The US government’s policy direction emphasises offensive capabilities. In July, Congress passed the ‘One Big Beautiful Bill Act, allocating $1 billion to offensive cyber operations. However, this came amidst ongoing debates regarding the balance between offensive and defensive measures, including those overseen by the Cybersecurity and Infrastructure Security Agency (CISA).

Although the legislation does not authorise private companies such as Google to participate directly in offensive operations, it highlights the administration’s prioritisation of such activities.

On 15 August, lawmakers introduced the Scam Farms Marque and Reprisal Authorisation Act of 2025. If enacted, the bill would permit the President to issue letters of marque and reprisal in response to acts of cyber aggression involving criminal enterprises. The full text of the bill is available on Congress.gov.
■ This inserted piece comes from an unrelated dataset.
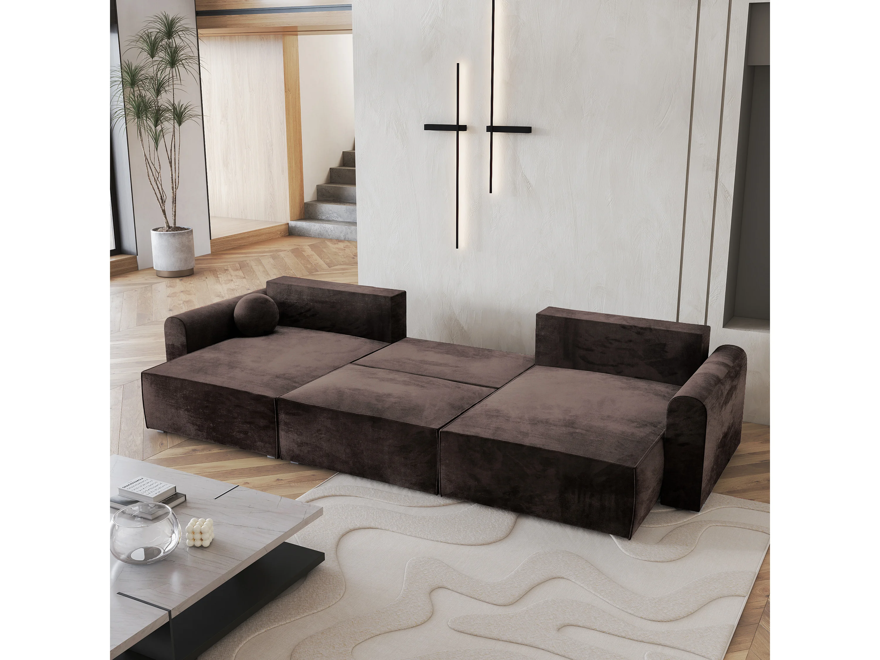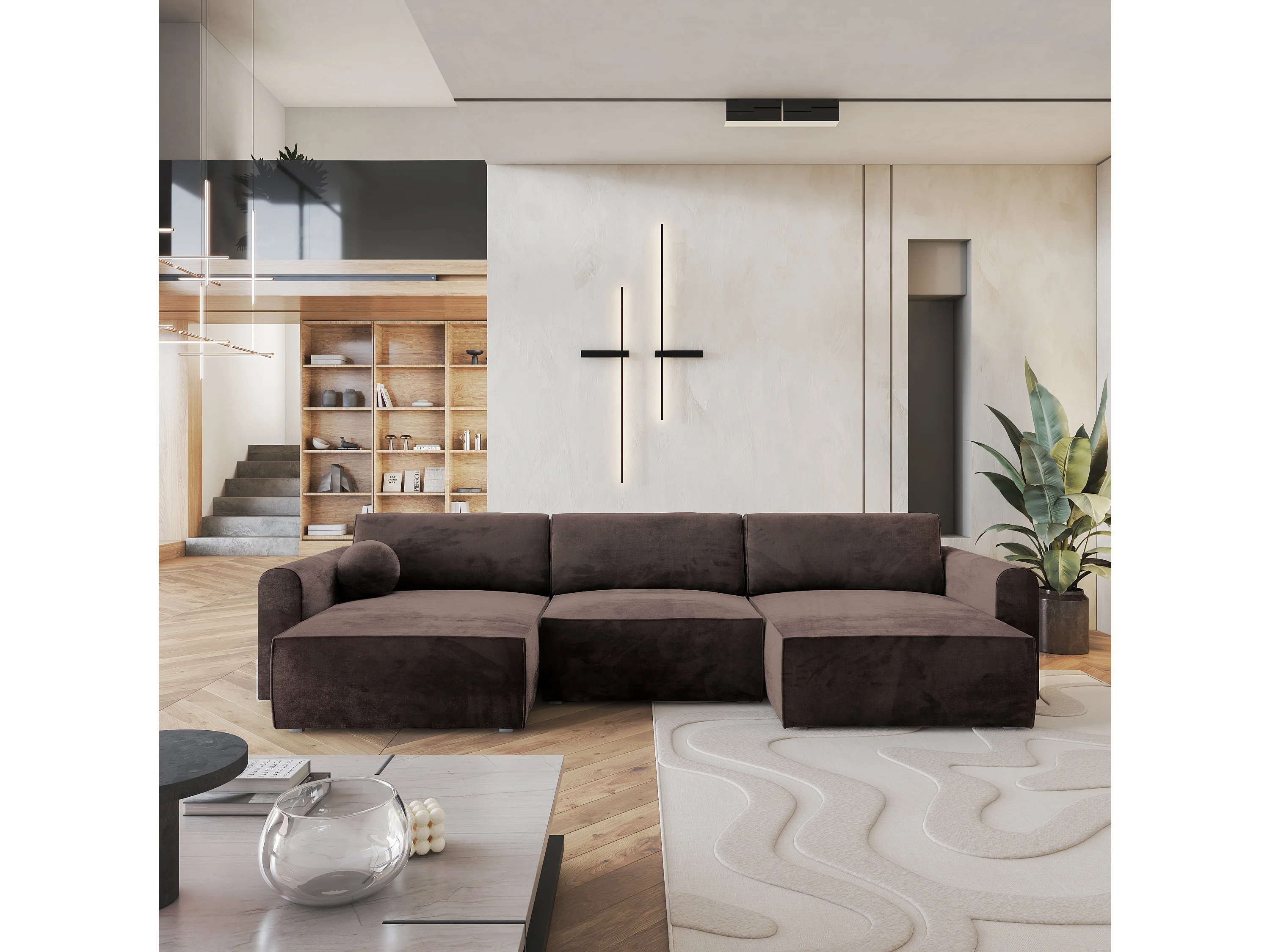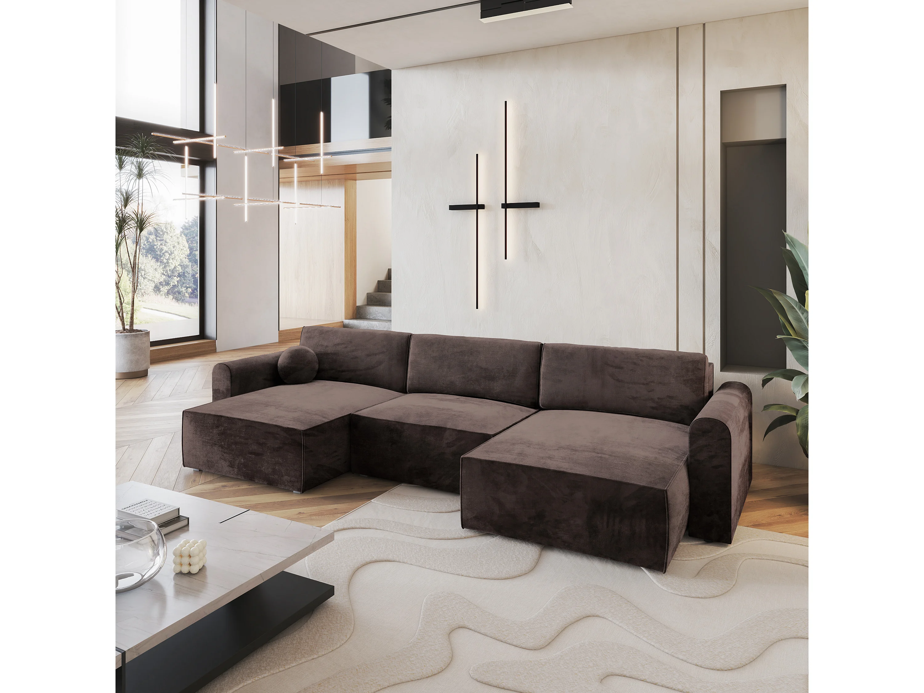 Canapé d'angle FENTO Marron en velours avec fonction de couchage

The measure draws upon a concept historically associated with naval conflict, whereby private actors were empowered to act on behalf of the state against its adversaries.

These legislative initiatives reflect broader efforts to recalibrate the United States’ approach to deterring cyberattacks. Ransomware campaigns, intellectual property theft, and financially motivated crimes continue to affect US organisations, whilst critical infrastructure remains a target for foreign actors.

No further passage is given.